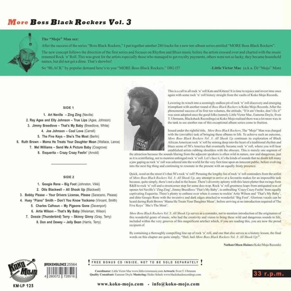 | | Beschreibung: | Vinyl LP pressing. Issued under the rightful title, More Boss Black Rockers, The Mojo Man was charged with the (enviable) task of bringing these albums to life. To achieve such an outcome, More Boss Black Rockers Vol. 3: All Shook Up continues it's exploration of Black African American rock 'n' roll by mining deep into the heart of a traditional rhythm and blues scene of 50's America that eventually became rock 'n' roll, where you will hear established artists rubbing shoulders with the obscure. This is merely one segment of the attraction because the sounds blaring from the adjacent speakers is often wild in nature, raw and dangerous, just as it is scintillating, not to mention unhinged rock 'n' roll. Let's face it, it's the kinds of sounds that no doubt left many a jaw gaping as rock 'n' roll was ushered into the world for the very first time upon an innocent public, before evolving into the next big thing and continuing to resonate in the present with an equally feisty presence. Quick, word on the street it's that 50's rock 'n' roll! Perusing the lengthy list of rock 'n' roll contenders from the setlist of More Boss Black Rockers Vol. 3: All Shook Up, any attempt to arrive at a favourite makes for an impossible task because, quite simply, there's not a dud in the house. There's diversity aplenty with this latest platter that swings from R&B to rock 'n' roll and a streetcorner stop for some doo-wop. Rock 'n' roll greatness leaps from antiquated wax of opener Art Neville's 'Zing Zing', Jimmy Breedlove 'That's My Baby', to enthralling 'Crazy Crazy Feelin' from equally captivating Esquerita. There's plenty to enthuse over when it comes to rockin' Artie Wilson and 'That's My Baby', and ditto Googie Rene with the inventive and dark edges attached to wonderful 'Big Foot'. Glorious vocals can be heard during Ruth Brown 'Mama He Treats Your Daughter Mean', before arriving at no introduction required of The Five Keys' 'She's The Most'. Nathan Olsen-Haines (Koko Mojo Records), Runningtime: 00:00:00, Artwork: Sven T. Uhrmann, Coordinator: Little Victor, Liner Notes: Nathan Olsen-Haines, Mastered By: Heiko Schulz, Music Consultant [Quality Consultant]: Eamonn Doyle (2), Written-By: Art Neville, Written-By: Elly Johnson, Written-By: Ray Agee, Written-By: Jimmy Breedlove, Written-By: Joan White, Written-By: Ed Carrell, Written-By: Murray Berlin, Written-By: Herb Lance, Written-By: Johnny Wallace, Written-By: George Cosgrove, Written-By: Calvin Arnold, Written-By: Buck Johnston, Written-By: Jeanne Vikki, Written-By: Otis Blackwell, Written-By: Bobby Please, Written-By: Joe Saraceno, Written-By: Huey "Piano" Smith, Written-By: John Vincent, Written-By: John Davenport, Written-By: Artie Wilson, Written-By: Ben Weisman, Written-By: Dossie Terry, Written-By: William Gray (3), Written-By: Dewey Terry, Written-By: Don "Sugarcane" Harris, Labelcode KOKM123.1 (KM-LP 123), Record Company Rockstar Records Ltd, Distributed By Broken Silence, Mastered At Black Shack Recordings |  | | Herstellernummer: |
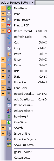 Click on the down arrow at the far right of the toolbar to view a listing of the buttons available. Button selections change depending on what spreadsheet is active when you view the toolbar button listing. Simply select the buttons to add/remove buttons that you use most often. All checked buttons display on the Standard toolbar. To reset the toolbar to its original default view (as shown below), click on the down arrow to view the toolbar menu and select Reset Toolbar.
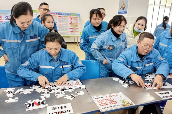 在本次迎新春活動(dòng)中,“拼出未來·新年‘拼’好運(yùn)”拼圖游戲以其獨(dú)特的設(shè)計(jì)和寓意深受喜愛。以海螺水泥標(biāo)識(shí)為核心視覺元素,巧妙融入春節(jié)傳統(tǒng)紋樣與吉祥符號(hào),既彰顯企業(yè)文化認(rèn)同,又傳遞出濃濃的年節(jié)氛圍。參與者凝神聚力、專注拼合每一塊圖塊,爭分奪秒呈現(xiàn)完整畫面。這一過程不僅考驗(yàn)參與者的觀察力與耐心,更通過視覺化的方式,深化了職工對(duì)企業(yè)品牌的感知與認(rèn)同,也寓意著每一位職工都是企業(yè)宏圖的一塊重要拼圖,共同拼出新年新氣象。
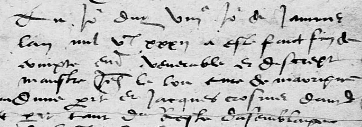 « Au jour d’uy viiiè jour de janvier l’an mil cinq cent xxxii (1532) a esté faict fin de compte entre vénérable et discret Maistre Jehan LE LOU curé de Marrigné d’une part et Jacques CROSNIER d’autre part… »
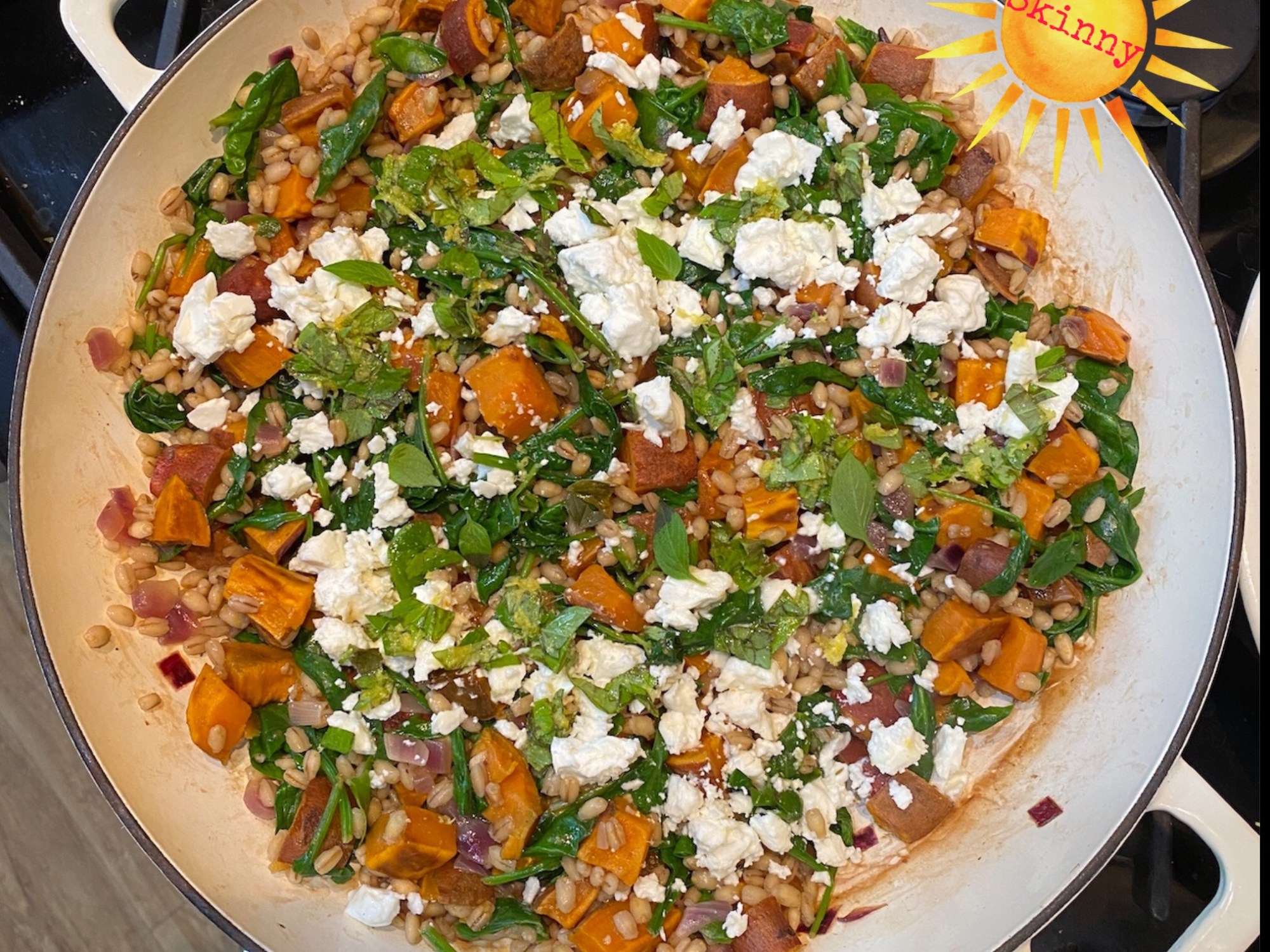 Add the sweet potatoes to the pilaf then, after 1 minute, add the spinach and cook until wilted. Season and serve with the basil/lemon drizzled over and the crumbled feta.
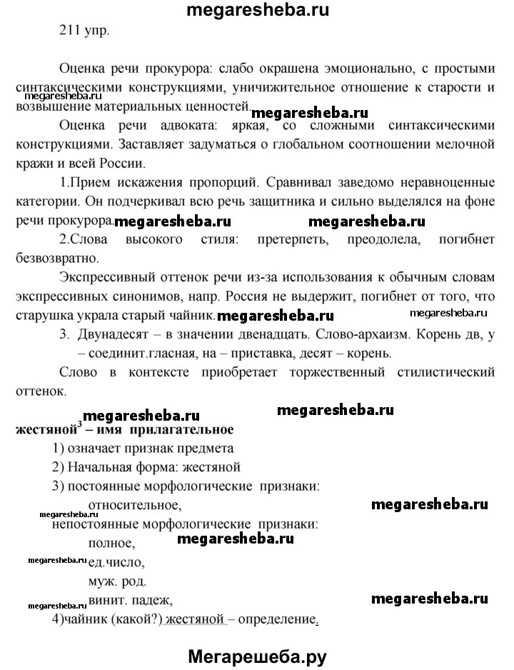 Подробный решебник (ГДЗ) по Русскому языку за 10‐11 (десятый‐одиннадцатый) класс - готовый ответ упражнения - 211. Авторы учебника: Власенков, Рыбченкова. Издательство: Просвещение 2009.
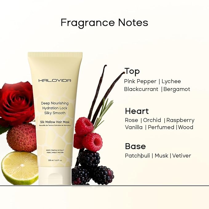 - 【Usage Tips】For deep nourishment and repair, focus application on the mid-lengths to ends where damage is most severeLeave on for 3-5 minutes. For severely damaged hair, we recommend that you wrap your hair with a warm towel or shower cap for 10-20 minutes after applying the hair mask, allowing the heat to help nutrients penetrate deep into the hair shaft. To achieve optimal results and maintain volume, avoid direct application to the scalp and roots. HALOVIDA Silk Hair Mask delivers noticeable improvement after just one use
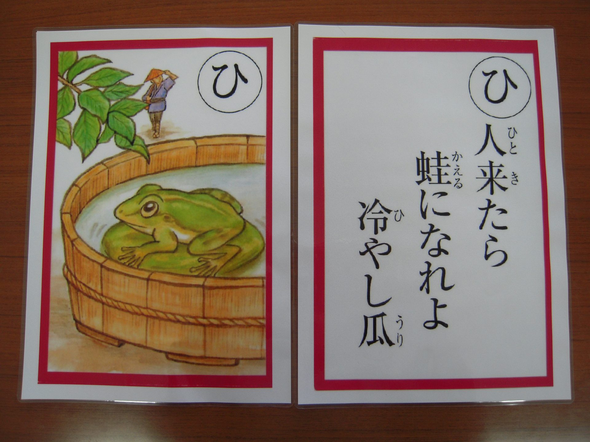 一昨日かえるパンを食べた印象がとても強かったようで、かえるの俳句の絵札を見ると、

Exercise brief – Print an exact copy of the lines above, from the one containing "在本次迎新春活動(dòng)" through the one containing "Подробный решебник (ГДЗ)", and leave out the pictures.

Response to this exercise –
 在本次迎新春活動(dòng)中,“拼出未來·新年‘拼’好運(yùn)”拼圖游戲以其獨(dú)特的設(shè)計(jì)和寓意深受喜愛。以海螺水泥標(biāo)識(shí)為核心視覺元素,巧妙融入春節(jié)傳統(tǒng)紋樣與吉祥符號(hào),既彰顯企業(yè)文化認(rèn)同,又傳遞出濃濃的年節(jié)氛圍。參與者凝神聚力、專注拼合每一塊圖塊,爭分奪秒呈現(xiàn)完整畫面。這一過程不僅考驗(yàn)參與者的觀察力與耐心,更通過視覺化的方式,深化了職工對(duì)企業(yè)品牌的感知與認(rèn)同,也寓意著每一位職工都是企業(yè)宏圖的一塊重要拼圖,共同拼出新年新氣象。
 « Au jour d’uy viiiè jour de janvier l’an mil cinq cent xxxii (1532) a esté faict fin de compte entre vénérable et discret Maistre Jehan LE LOU curé de Marrigné d’une part et Jacques CROSNIER d’autre part… »
 Add the sweet potatoes to the pilaf then, after 1 minute, add the spinach and cook until wilted. Season and serve with the basil/lemon drizzled over and the crumbled feta.
 Подробный решебник (ГДЗ) по Русскому языку за 10‐11 (десятый‐одиннадцатый) класс - готовый ответ упражнения - 211. Авторы учебника: Власенков, Рыбченкова. Издательство: Просвещение 2009.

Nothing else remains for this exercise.